La construction d'une ligne transcontinentale s'accompagna d'une terrible extermination: des chasseurs blancs abattant les animaux depuis les trains, laissant les carcasses pourrir et se fournissant en peaux précieuses.
Il s'agissait aussi d'affamer des tribus d'Amérindiens, pour qui le bison était vital, économiquement et culturellement.
Au début du XXe siècle, l'espèce était quasiment éteinte. Puis, le mammifère a été progressivement réintroduit dans l'Ouest, pour atteindre environ 400.000 têtes.
Mais ce sont aujourd'hui de petits troupeaux, appartenant à des ranchs privés ou des réserves.
A Yellowstone, il reste 5.000 bisons, libres comme autrefois, qui parcourent quelque 1.600 kilomètres par an à coups d'aller-retours migratoires d'environ 80 km par jour.
Ce qui fait du tout premier parc national des Etats-Unis un très rare laboratoire scientifique à ciel ouvert.
- Politique de Trump -
Entre 2015 et 2021, une étude du biologiste des Parcs nationaux, Chris Geremia, a permis de suivre les mouvements et les habitudes de pâturage des animaux dans leur habitat, mesurant la croissance des plantes, le cycle des nutriments, la chimie du sol.

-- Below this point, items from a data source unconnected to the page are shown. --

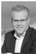
Pere Granados Alcalde de Salou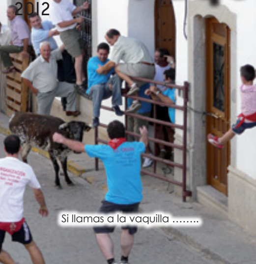
Si llamas a la vaquilla .....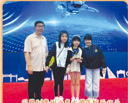
同學到廣州出席大灣區航天北斗衛星導航編程比賽 2025，領獎的一刻。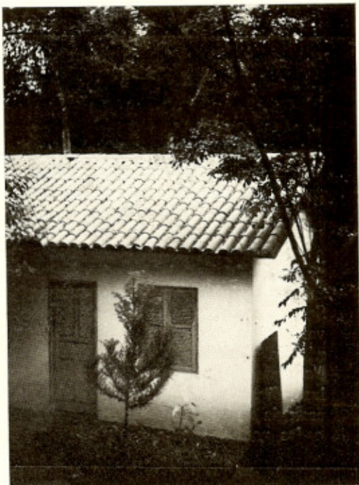
Fig. 1 — Casa da Chácara Flora, onde foi capturado o primeiro P. megistus infetado; notar a sua situação bem próxima de mata.

Em fevereiro do corrente ano, nôvo triatomíneo nos foi trazido para identificação e pesquisa de infecção pelo T. cruzi . Era outro P. megistus fêmea, capturado na casa n.º 1458 da Rua São Benedito, no mesmo bairro (Fig. 2). Dêste hemíptero retiramos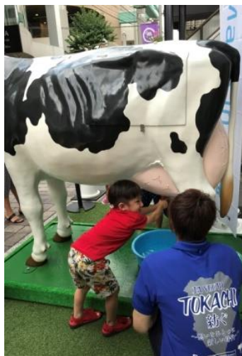
疑似搾乳体験は子どもに人気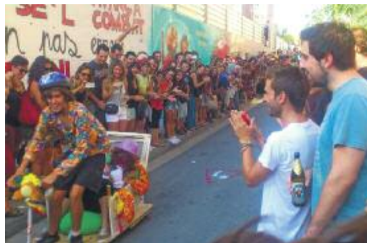
Els carretons passen pel revolt de Can Vies.

Tots aquells que no vulguin córrer també podran gaudir de la competició com a espectadors.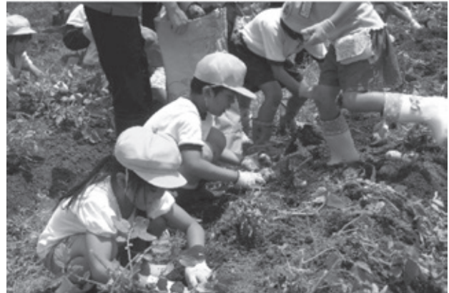
江面第二小学校とのWeプラン(1年生 生活科)

En comparant les parcelles pâturées et celles qui ne le sont pas, les résultats montrent que les bisons qui errent et migrent maintiennent coupées les herbes et les fleurs sauvages, cette végétation demeurant dense et riche en protéines et étonnamment variée.
"Les herbes exsudent du carbone dans le sol après avoir été pâturées et cela stimule les espèces microbiennes pendant 48 heures", selon Bill Hamilton.
Cette poussée microbienne se traduit par davantage d'ammonium et de nitrates, faisant encore croître la faune et la flore.
Les excréments et l'urine des bisons ajoutent encore une dose d'azote, ce qui dope l'effet fertilisant.
Ces résultats sortent au moment où la protection de la faune et de la flore n'est plus la priorité du nouveau gouvernement de Donald Trump, qui privilégie les intérêts des agriculteurs.
Des fermiers accusent les bisons en liberté d'être une nuisance, de détruire les clôtures, de se mélanger au bétail et de propager des maladies.
Ce que conteste Jerod Merkle, co-auteur de l'étude de l'Université du Wyoming, pour qui le bénéfice écologique est indéniable: les bisons sont "une espèce qui crée de l'hétérogénéité, qui a besoin de grands espaces pour se déplacer", permettant ainsi de les préserver.